Варварская любовь - Дэни Бехард 16 стр.


Тридцать восемь лет она отдавалась работе, отлучала детей и мужа от бутылки, первых – легко, второго – с трудом, да так и не смогла отлучить навсегда. Она выучила семейные мифы и проклятия, позволила себе слиться со всем, что могло случиться, и ухаживала за мужниным неизменным потомством, пока дети слишком быстро не вырастали, а слабенькие не умирали.

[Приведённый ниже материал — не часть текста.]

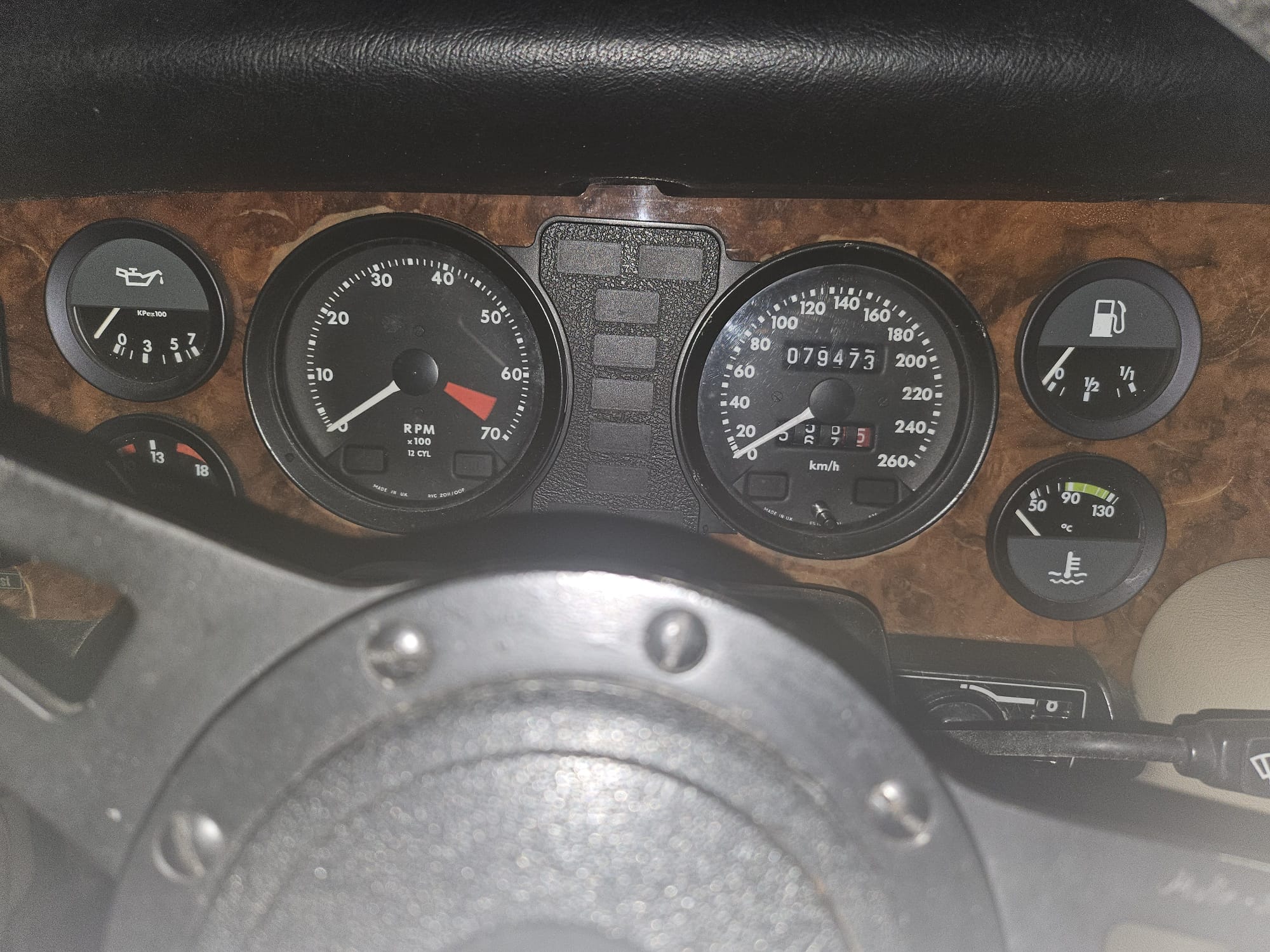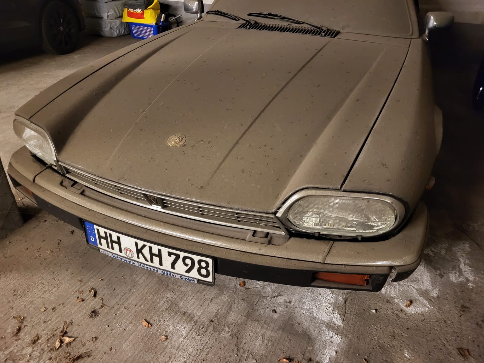 Mehrere Fahrzeuge wirken wie Youngtimer oder Oldtimer, darunter sportliche Modelle und elegante Klassiker. Die Karosserien sind überwiegend vollständig, jedoch teilweise verschmutzt oder matt, was auf Lagerung statt aktiven Gebrauch schließen lässt. Einige Detailaufnahmen zeigen Innenräume mit Ledersitzen, Armaturenbretter mit klassischen Rundinstrumenten sowie Lenkräder im zeittypischen Design.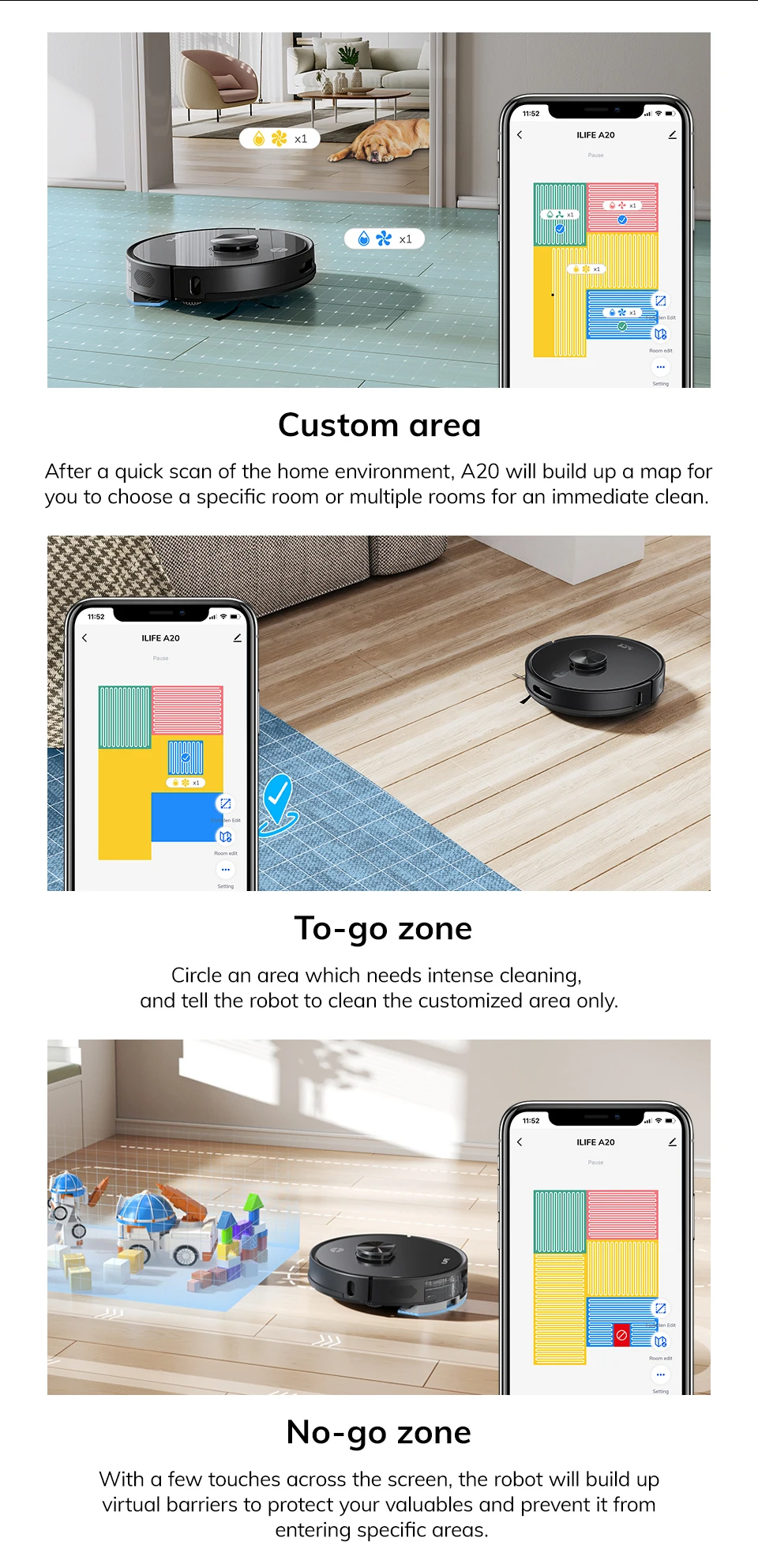 Робот-пылесос ILife A20, 35 Вт, беспроводной, влажная уборка, пылесборник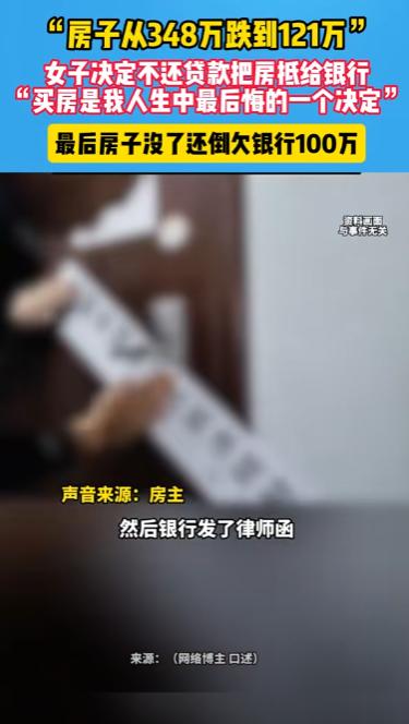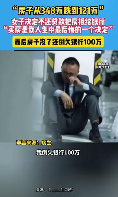 不要盲目跟风!6月13日报道,河南女子348万买的房子跌到121万。她决定不还贷款了,打算直接让银行把房子收回去,结果银行核算所有费用后,告知她还倒欠100万!她原本以为买房子可以增值,至少能够保值,结果贷款没还完,还直接负债了。 “买房是我人生中最后悔的决定”,来自一位女士的呐喊! 据河南公共频道报道,王女士(化名)干了几年活之后,手里面也有了一些积蓄,于是她就想着要买一个房子没一个属于自己的小家,这样的话下班之后就会比较轻松自在。 随后她就去很多售楼处到处看房,看了很多之后她相中了一套价值300多元的房子,那时候的房价正是最贵的时候,身边的朋友都劝王女士让他缓一段时间再买。但王女士的心已经到这儿了,谁也阻止不了,立马就付了首付。 买过房之后,她每个月的工资一部分出于房贷,另一部分用于她的生活,过得美滋滋的。但没过几年房价就出现了大跌的情况,她的房子现在只值一百二十一万元,看到房子跌了这么多,王女士心里面很不甘。 但令她更没有想到的是她每个月的工资也受大环境的影响减少了不少,所以现在一边要维持生计,一边还要房贷,压的她根本都喘不过气。 所以这时候王女士就想着自己的房子,现在值100多万想把房子直接抵押给银行让银行收回这样的话,现在值的价钱和剩下没还完的贷款正好相抵消,不料事情并没有她想象中的那么好。 等王女士到银行之后,银行的工作人员向王女士解释说,如果现在要把房子收回的话,王宇是就属于违约行为,不仅会被告上法庭,而且所有的诉讼费用全部都由她来承担,这样综合算下来还要再倒贴给银行一百万。 面对这样的事情,王女士就将它发到了的视频平台上面,很多网友看到之后才下面发表自己的看法。有一些网友在下面说,他也是买了一套三百多万的房子,本想着能够倒手挣个差价,不料现在一百万万也卖不出去。 还有一些网友在下面调侃说,他自己现在没有车没有房也没有存款,觉得王女士最亲的最后还落了一套房子,也挺值的,最起码没有都将钱挥霍掉。 那么通过这件事情也告诉我们在做一项决策之前要综合考虑多方面因素,不要只看眼前的一方面就决定。 对此,你还有什么看法吗? (信息来源 :河南公共频道 2025-06-13)

Ибо его гордостью было сильное семейство. А для нее – Святое. Так и началось их соперничество. Он стыдился, когда соседи в деревне злословили про карликов, а ее обуревал гнев, когда другие пропускали мессу или предавались разврату.

Трудно было вообразить, что подобный клан мог существовать. Со временем она перестала думать о сыновьях как о сыновьях, а стала думать скорее как о братьях. Исключая карликов; те ошивались по округе вроде уличной банды, терроризируя встречных детей, а ночами тырили сигареты и собирали бутылки из-под виски. Сыновья Эрве Эрве были самыми огромными людьми, когда-либо виданными на побережье. В редких случаях, когда они открывали рты, раздавалось только бахвальство. Она слышала, как они обсуждают план драки с матросами, или как вырвать у противника глаз разбитой бутылкой, или как поймать гостиничную горничную по пути домой. Если не считать этих разговоров, дом оставался безмолвным, и она с облегчением вздохнула, когда зимой наступило еще большее молчание, поскольку они ушли к северу на лесоповал.

Однажды днем она наткнулась на второго по старшинству сына, Жана: тот стоял на коленях в гостиной, на коврике, и молился о спасении семьи. Она присоединилась к нему, и когда сын закончил молиться, напомнила, что только кроткие наследуют землю, хотя сама она защищала его отнюдь не с кротостью. Он легко учился, быстро стал любимым учеником кюре, и потому было решено, что он пойдет в священники.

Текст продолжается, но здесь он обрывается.